Convolutional Neural Network pipeline for pixel-wise recognition of cars in an image.

Primary LanguagePython

RockTheBoar

Code written as part of the Kaggle Carvana Image Masking Challenge. The overal goal of this competition was to design an algorithm to accurately mask cars in images.

This network was used for our final submission. The architecture is a 12 layer autoencoder-style fully convolutional neural network - 6 convolutional layers followed by 6 deconvolutional layers. Dice co-effecient is used as a accuracy metric, and Adaptive Moment Estimation (Adam) is used for gradient descent optimization.

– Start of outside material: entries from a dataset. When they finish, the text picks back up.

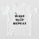 This children’s T-shirt features a dynamic graphic design of a person wake surfing, with a stylized wave below and a bird flying overhead. The words “WAKE SURF REPEAT” are prominently displayed above and below the surfer in bold, capital letters. This design captures the thrill and excitement of wake surfing, making it a perfect choice for young water sports enthusiasts.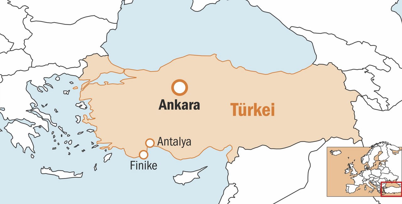 Entlang der lykischen Küste erstreckt sich das gigantische Taurusgebirge bis nach Finike. Die Hafenstadt liegt etwa 110 km südwestlich vom touristisch geprägten Antalya entfernt und ist eines der wichtigsten Agrargebiete der türkischen Mittelmeerküste – «denn hier scheint an 340 Tagen die Sonne», begründet Ali Koyak, unser Reiseleiter auf der Leserreise durch die Südtürkei. Aber auch die fruchtbaren Böden in dieser Region tragen dazu bei.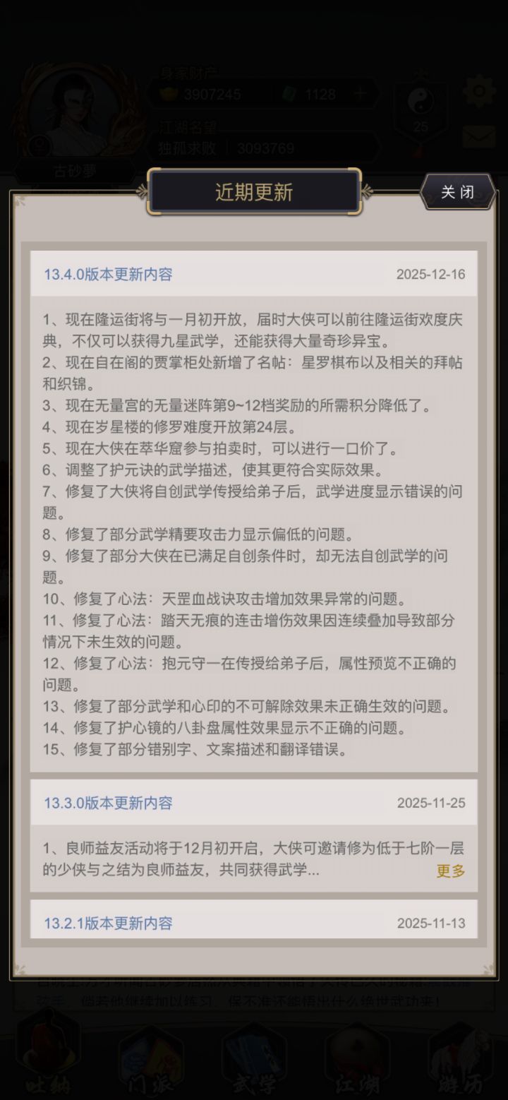 换新策划以来,花样百出,确实有些想法,且有一步步解决遗留的迹象。但从近期新出武学来看,我却认为花了招式,失了武德。举2个例子:旧的先说,护元决:之前武学明确指出“开局”触发,氪满之后发现无论是否真解都是自身出手时触发,屡次建议后,这次更新搞笑的来的,说让文字描述符合武学,意思错的是文字不是本体。不说很多玩家认为武学弱建议修改,符合描述改成开局生效的代码特别难么?最后,我认为开局生效对我很有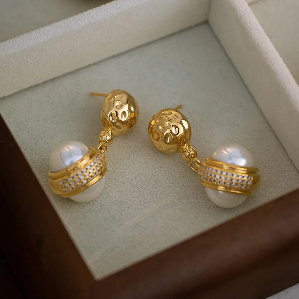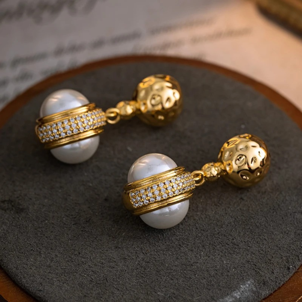 Elegant and eye-catching, these gold-tone drop earrings feature textured studs and dazzling pearl-like orbs encircled by shimmering crystals—perfect for adding a luxurious touch to any outfit, day or night.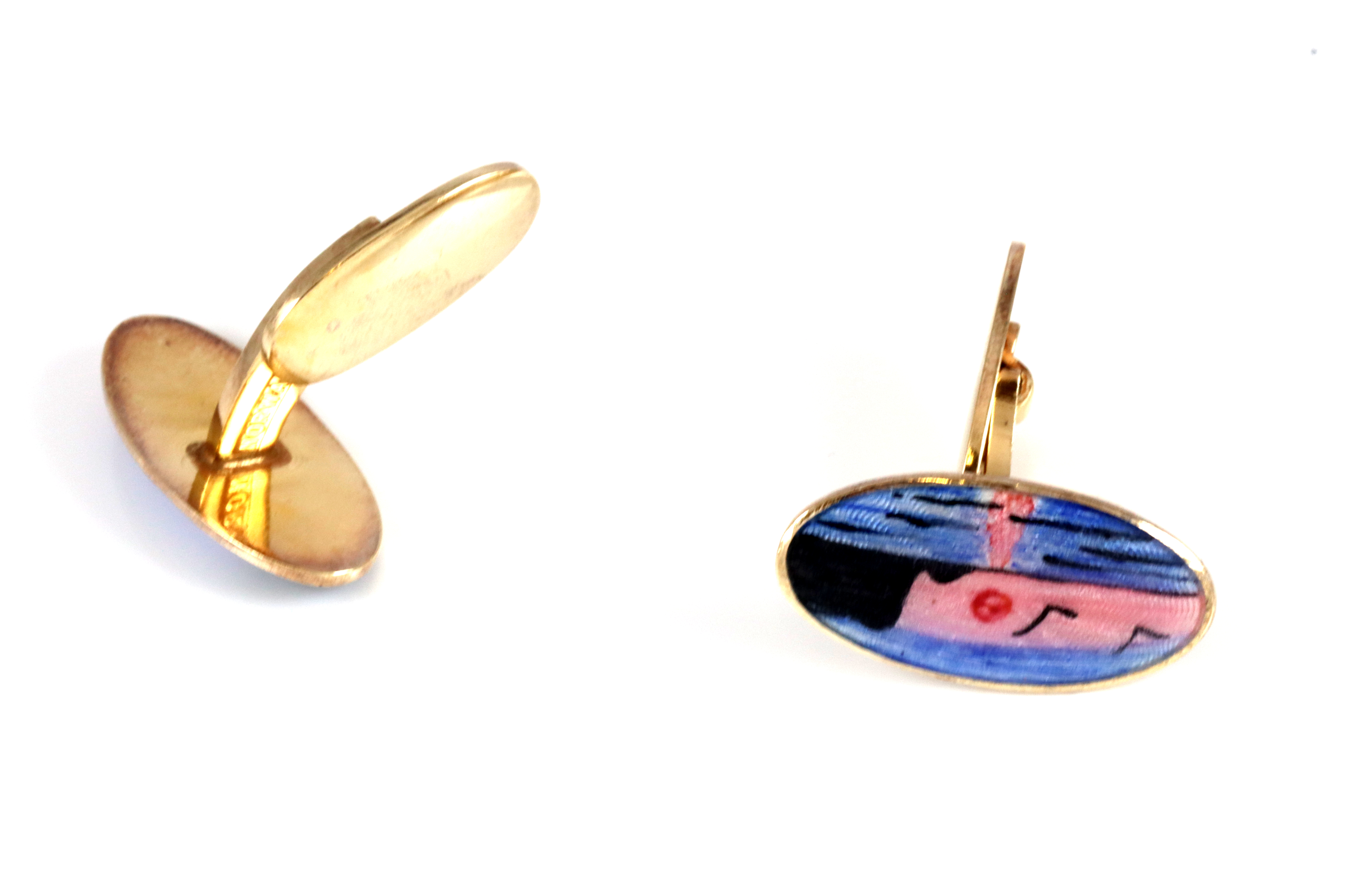 Flotte mansjettknapper i flerfarget emalje og forgyldt sølv. Produsert av David-Andersen. Motivet er fra Nordkapp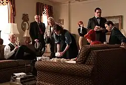 Reviewers commented on the plot's similarity to the archetypal heist film, several mentioning specifically Ocean's Eleven.[12][13][14] Sepinwall enjoyed particularly what he referred to as his "favorite part of any caper (or other kind of ensemble adventure) movie: the gathering of the team."[12] Slate's Patrick Radden Keefe also mentioned Seven Samurai, adding that, though the concept is not a new one, "I tend to enjoy these types of sequences...[a]nd in this instance, the fact that the team members were being poached from inside Sterling Coop made it all the more fun."[14]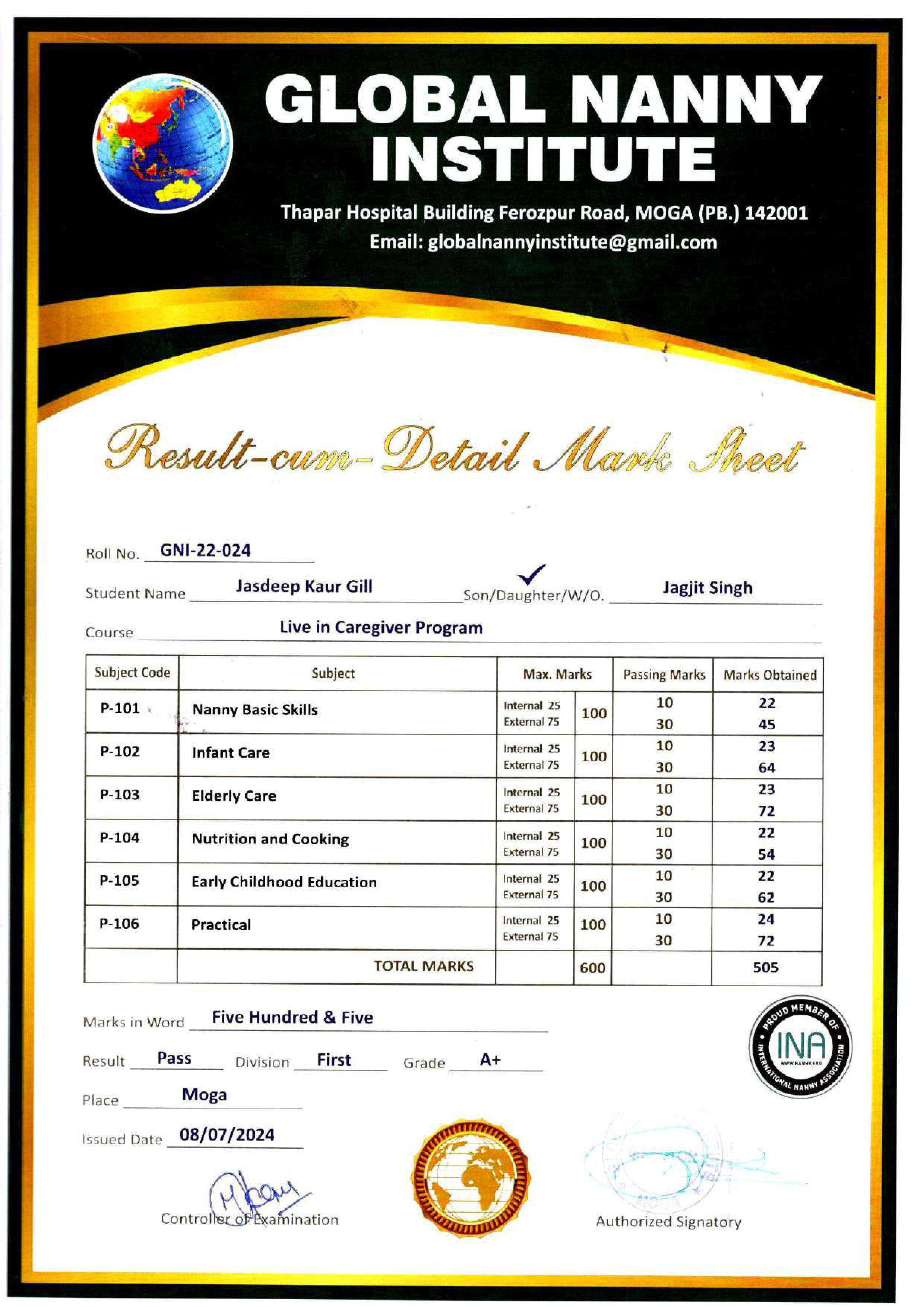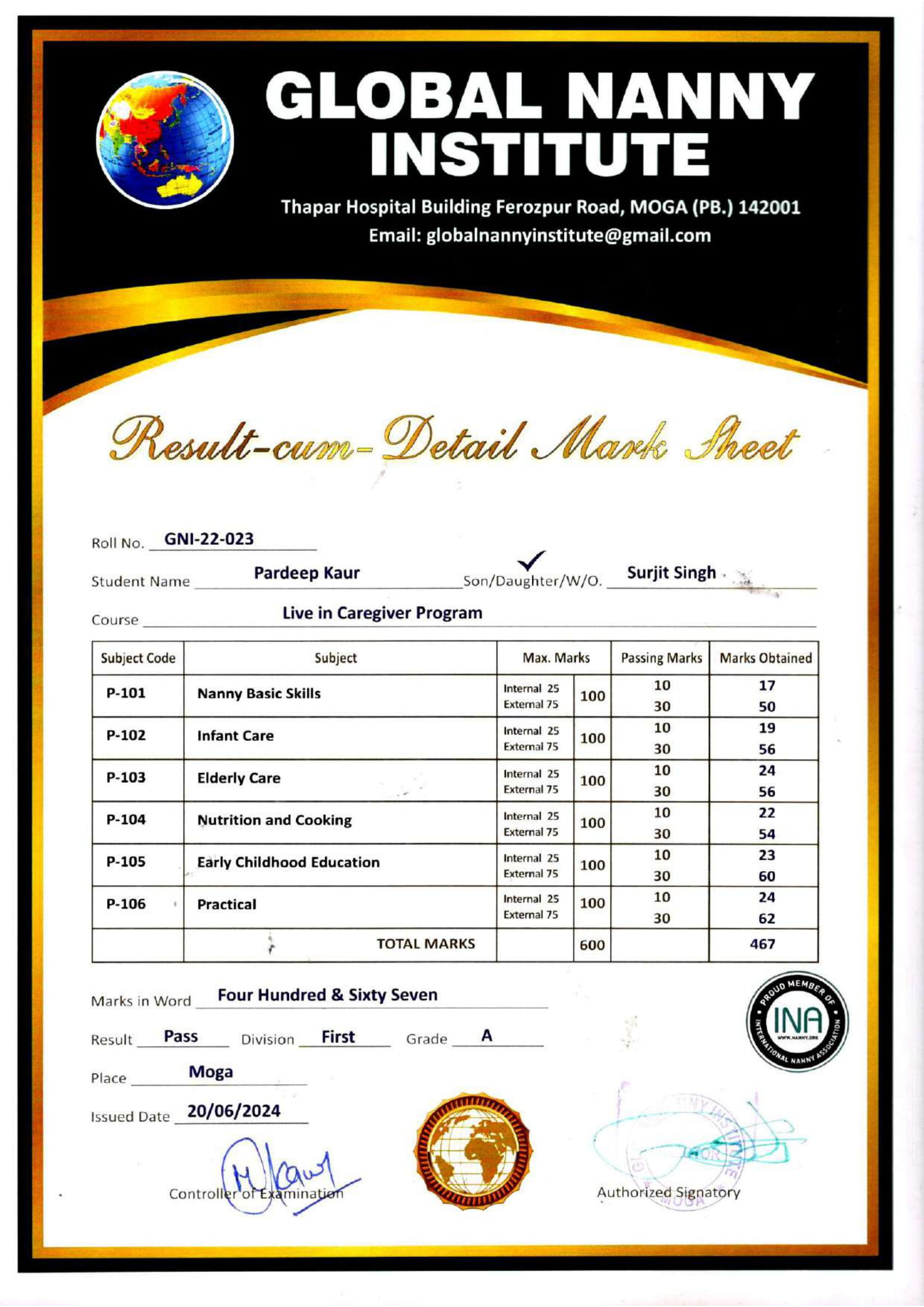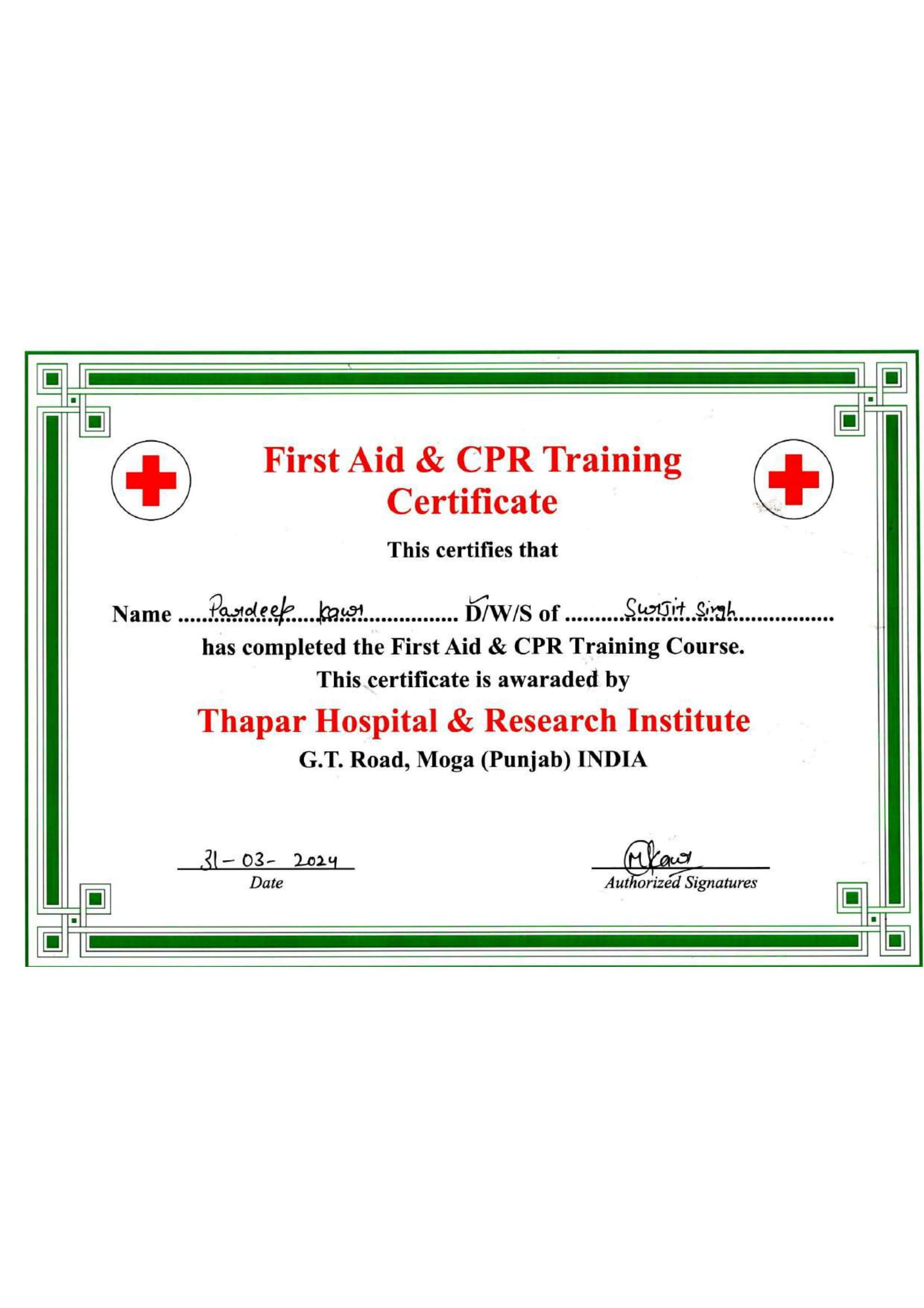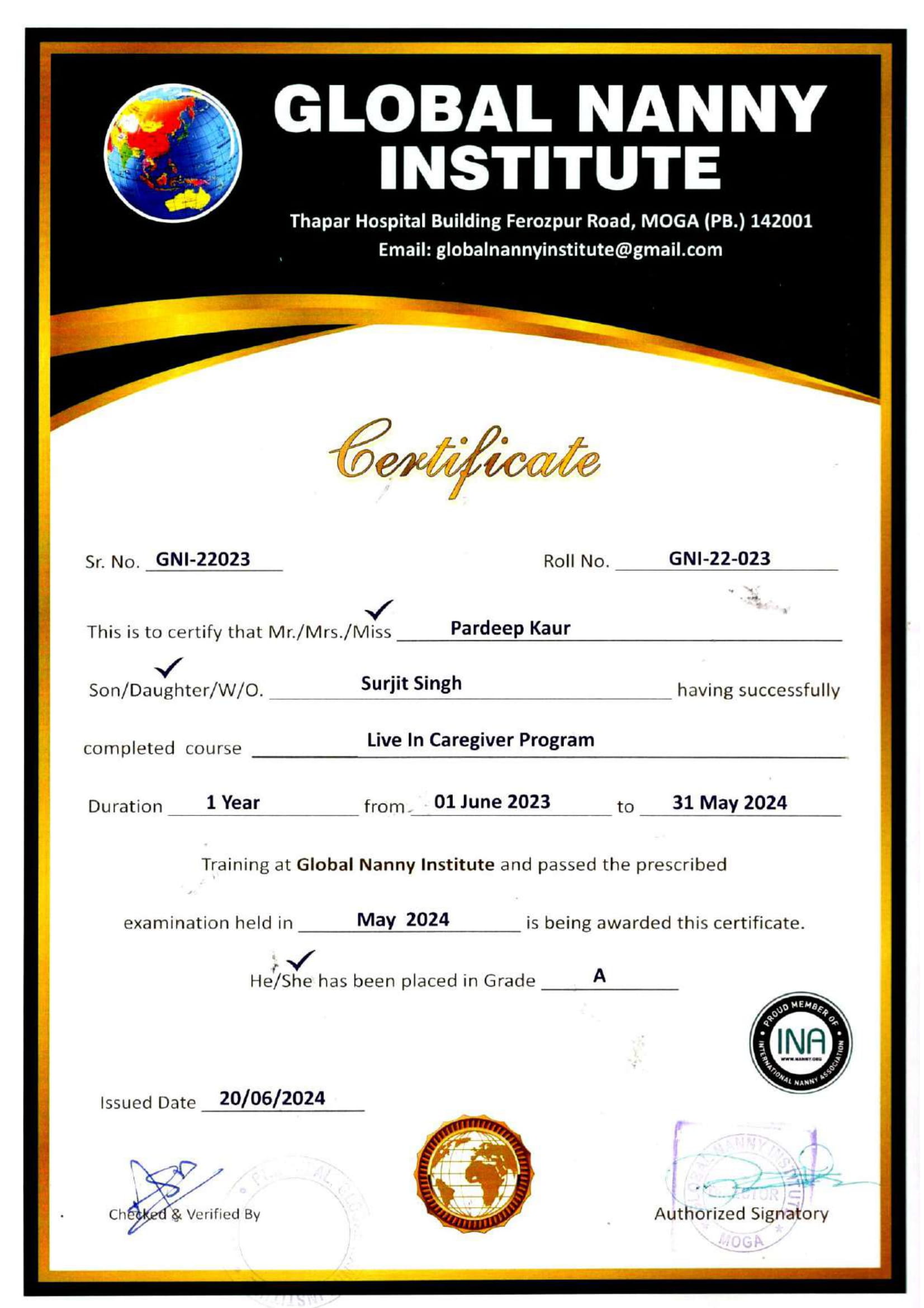 Pardeep Kaur Surjit Singh (Certification Date : 26-06-2024)

The network is trained on images of cars, each at 16 different angles, with corresponding masks as targets. The fully trained network provides a pixel-wise "probability of car" estimate.

Functions of some of the key scripts:

  • convnet_architecture_12l.py: The network architecture, written in tensorflow.
  • train_network.py: The training framework.
  • input_pipeline.py: Image loading functions.
  • infer_function.py: Loads the trained model for inference on test images.
  • filter_csv.py: Post-processing pipeline with tuned filtering, smoothing and tuned filtering.

Initial Prototyping for a simple convolutional network of 3 layers is implemented. The input/output pipelines were forked from Bruno G. do Amaral's Naive Keras model. Network architecture can be edited in simple_model.py.

Authors

Donald Lee-Brown(@dleebrown), Sinan Deger(@sinandeger) and Nesar Ramachandra (@nesar)